Start of Block

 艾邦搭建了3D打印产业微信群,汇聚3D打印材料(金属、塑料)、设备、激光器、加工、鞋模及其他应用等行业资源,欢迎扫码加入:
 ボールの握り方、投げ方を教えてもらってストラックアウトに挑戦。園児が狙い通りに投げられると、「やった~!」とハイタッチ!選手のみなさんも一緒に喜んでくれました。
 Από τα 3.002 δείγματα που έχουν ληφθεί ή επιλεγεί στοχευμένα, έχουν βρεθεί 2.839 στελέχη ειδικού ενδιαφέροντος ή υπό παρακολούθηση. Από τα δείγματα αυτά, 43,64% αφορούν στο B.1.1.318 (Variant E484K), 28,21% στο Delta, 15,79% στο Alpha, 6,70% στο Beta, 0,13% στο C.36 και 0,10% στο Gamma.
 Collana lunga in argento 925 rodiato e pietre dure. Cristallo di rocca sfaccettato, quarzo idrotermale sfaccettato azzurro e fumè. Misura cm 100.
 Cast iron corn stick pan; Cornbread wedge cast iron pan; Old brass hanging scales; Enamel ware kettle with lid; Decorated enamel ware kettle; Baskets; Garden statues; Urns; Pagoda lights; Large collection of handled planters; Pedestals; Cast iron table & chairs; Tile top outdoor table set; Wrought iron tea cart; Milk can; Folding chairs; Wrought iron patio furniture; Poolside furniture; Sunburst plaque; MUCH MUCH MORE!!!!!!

End of Block
Start of Block

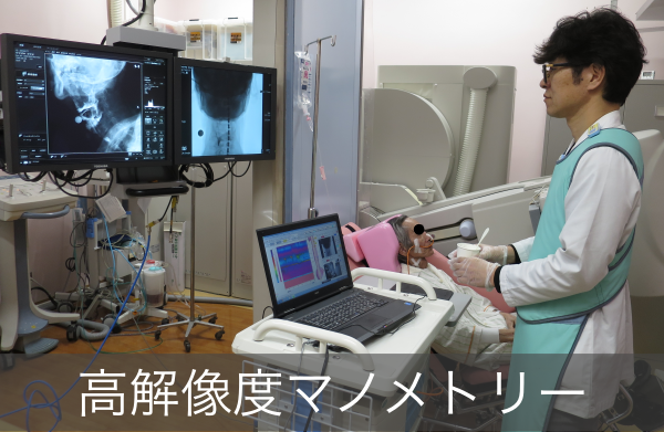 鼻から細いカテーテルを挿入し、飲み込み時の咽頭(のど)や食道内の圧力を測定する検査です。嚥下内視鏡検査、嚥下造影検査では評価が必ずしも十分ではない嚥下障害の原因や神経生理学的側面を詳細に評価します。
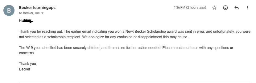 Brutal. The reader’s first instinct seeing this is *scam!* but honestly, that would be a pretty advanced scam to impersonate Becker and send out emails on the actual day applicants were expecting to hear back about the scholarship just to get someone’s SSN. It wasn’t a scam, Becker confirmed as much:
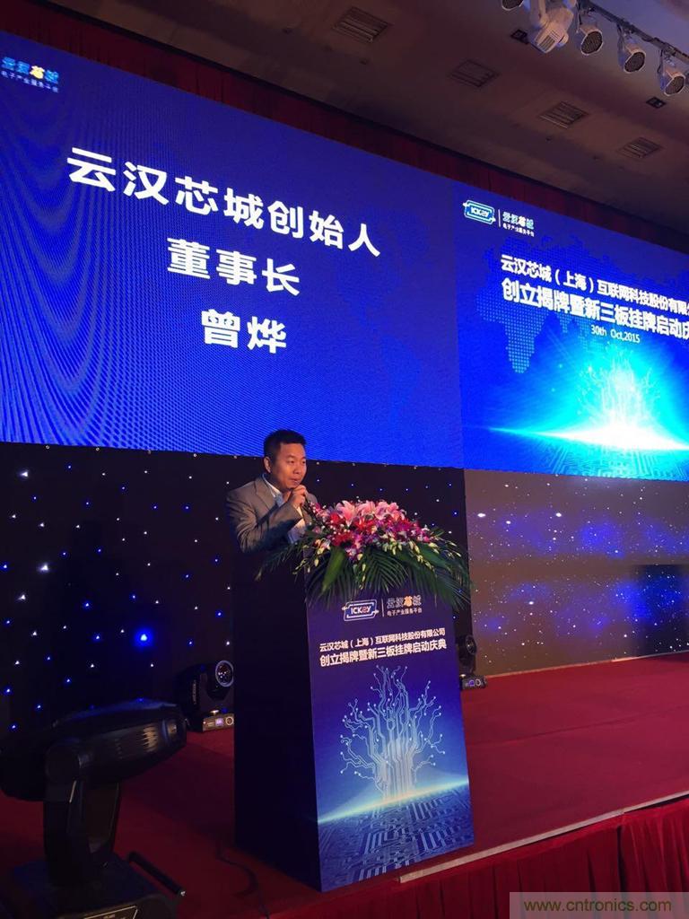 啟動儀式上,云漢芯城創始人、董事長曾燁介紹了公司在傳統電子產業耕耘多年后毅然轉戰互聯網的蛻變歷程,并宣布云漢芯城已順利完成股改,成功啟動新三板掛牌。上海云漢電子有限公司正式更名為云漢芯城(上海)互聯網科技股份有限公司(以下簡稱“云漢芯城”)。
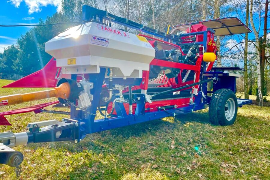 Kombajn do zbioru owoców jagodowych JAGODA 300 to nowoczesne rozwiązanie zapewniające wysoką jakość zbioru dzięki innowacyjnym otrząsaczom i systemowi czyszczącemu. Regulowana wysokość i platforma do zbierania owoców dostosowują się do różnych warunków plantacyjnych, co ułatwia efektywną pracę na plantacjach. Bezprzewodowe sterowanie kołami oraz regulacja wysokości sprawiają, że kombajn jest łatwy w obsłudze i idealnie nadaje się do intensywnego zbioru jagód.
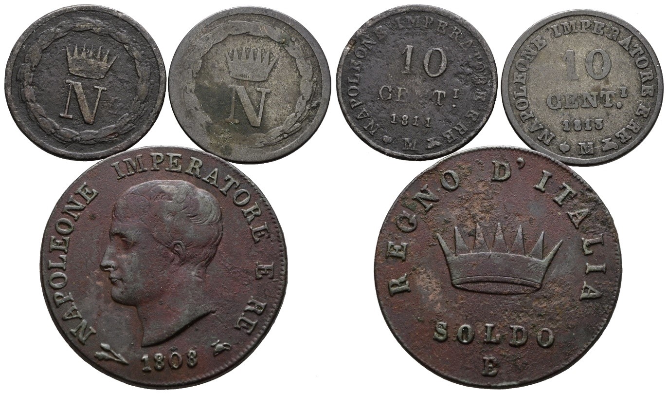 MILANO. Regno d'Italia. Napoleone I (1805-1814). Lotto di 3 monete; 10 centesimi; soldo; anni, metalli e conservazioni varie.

End of Block
Start of Block

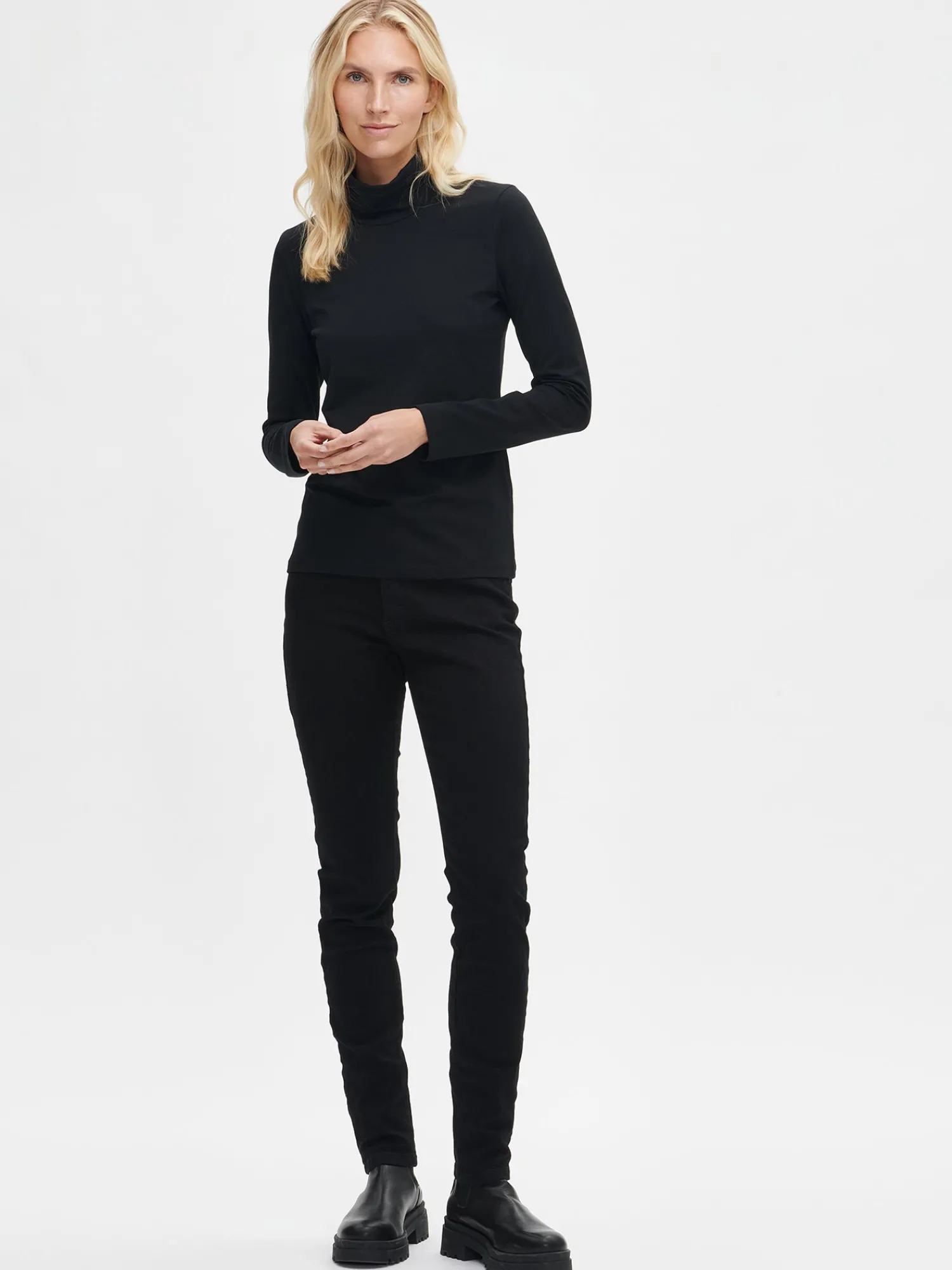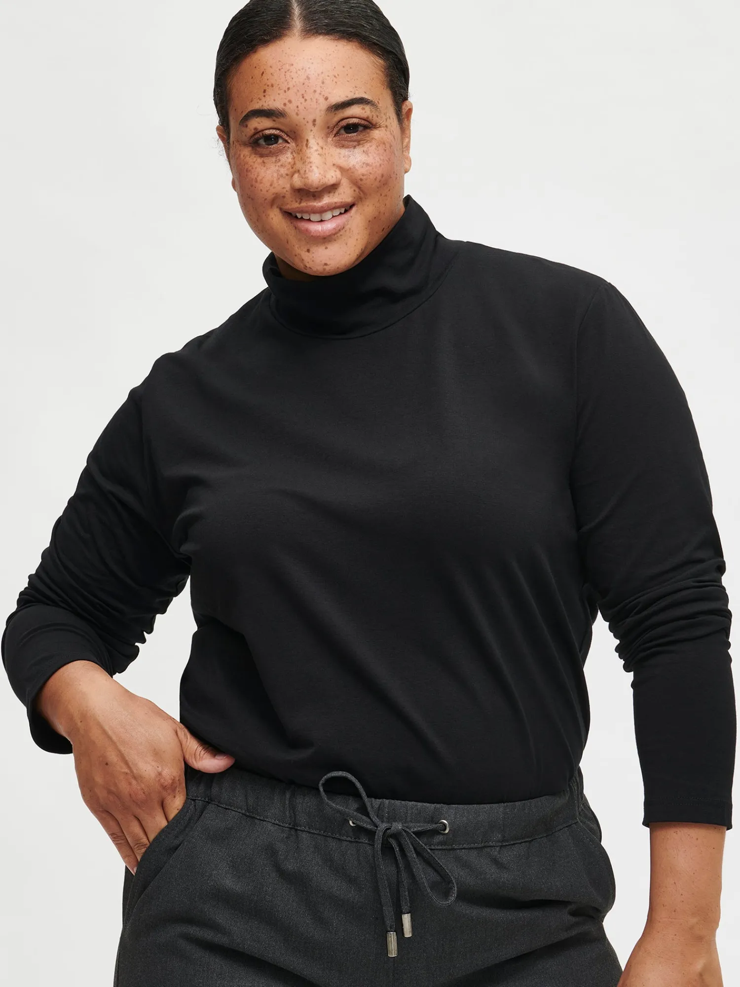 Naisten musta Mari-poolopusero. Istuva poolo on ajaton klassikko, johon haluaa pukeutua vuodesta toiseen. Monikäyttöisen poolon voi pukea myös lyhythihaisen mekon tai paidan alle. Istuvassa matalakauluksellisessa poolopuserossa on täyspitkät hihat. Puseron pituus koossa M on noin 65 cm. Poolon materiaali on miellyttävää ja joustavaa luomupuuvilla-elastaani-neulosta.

End of Block

What to work on
Only one stretch of the entries above is wanted: the lines from the one containing "Από τα 3.002" through the one containing "Collana lunga in". Please reproduce it exactly.

Your response
 Από τα 3.002 δείγματα που έχουν ληφθεί ή επιλεγεί στοχευμένα, έχουν βρεθεί 2.839 στελέχη ειδικού ενδιαφέροντος ή υπό παρακολούθηση. Από τα δείγματα αυτά, 43,64% αφορούν στο B.1.1.318 (Variant E484K), 28,21% στο Delta, 15,79% στο Alpha, 6,70% στο Beta, 0,13% στο C.36 και 0,10% στο Gamma.
 Collana lunga in argento 925 rodiato e pietre dure. Cristallo di rocca sfaccettato, quarzo idrotermale sfaccettato azzurro e fumè. Misura cm 100.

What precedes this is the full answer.